I'd recommend a pattern like this:
^(?=.*[a-z])(?=.*[0-9])(?=.*[!##$])[A-Z]+[A-Za-z0-9!##$]{7,19}$
Where !##$ is a placeholder for whatever special characters you want to allow. Don't forget to escape special characters if necessary (\, ], ^ at the beginning of the character class, and- in the middle).
Using POSIX character classes, it might look like this:
^(?=.*[:lower:])(?=.*[:digit:])(?=.*[:punct:])[:upper:]+[[:alnum:][:punct:]]{7,19}$
Or using Unicode character classes, it might look like this:
^(?=.*[\p{Ll}])(?=.*\d)(?=.*[\p{P}\p{S}])[\p{Lu}]+[\p{L}\d\p{P}\p{S}]{7,19}$
Note: each of these considers a different set of 'special characters', so they aren't identical to the first pattern.
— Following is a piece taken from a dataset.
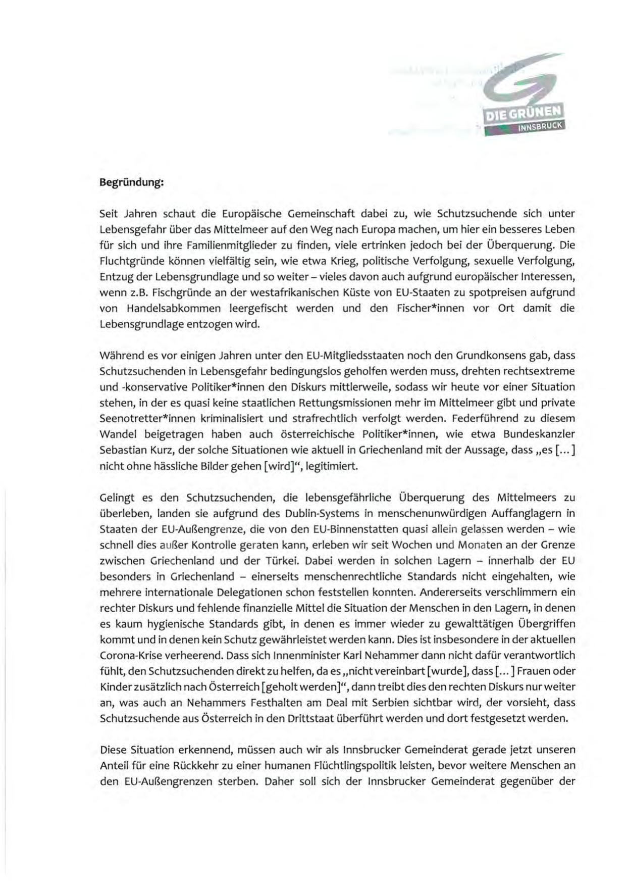 den EU-Außengrenzen sterben. Daher soll sich der lnnsbrucker Gemeinderat gegenüber der

The following should work:
^(?=.*[a-z])(?=.*[0-9])(?=.*[^a-zA-Z0-9])[A-Z].{7,19}$
I removed the (?=.*[A-Z]) because the requirement that you must start with an uppercase character already covers that. I added (?=.*[^a-zA-Z0-9]) for the special characters, this will only match if there is at least one character that is not a letter or a digit. I also tweaked the length checking a little bit, the first step here was to remove the + after the [A-Z] so that we know exactly one character has been matched so far, and then changing the .{8,20} to .{7,19} (we can only match between 7 and 19 more characters if we already matched 1).
Well, here is how I would write it, if I had such requirements - excepting situations where it's absolutely not possible or practical, I prefer to break up complex regular expressions. Note that this is English-specific, so a Unicode or POSIX character class (where supported) may make more sense:
/^[A-Z]/ && /[a-z]/ && /[1-9]/ && /[whatever special]/ && ofCorrectLength(x)
That is, I would avoid trying to incorporate all the rules at once.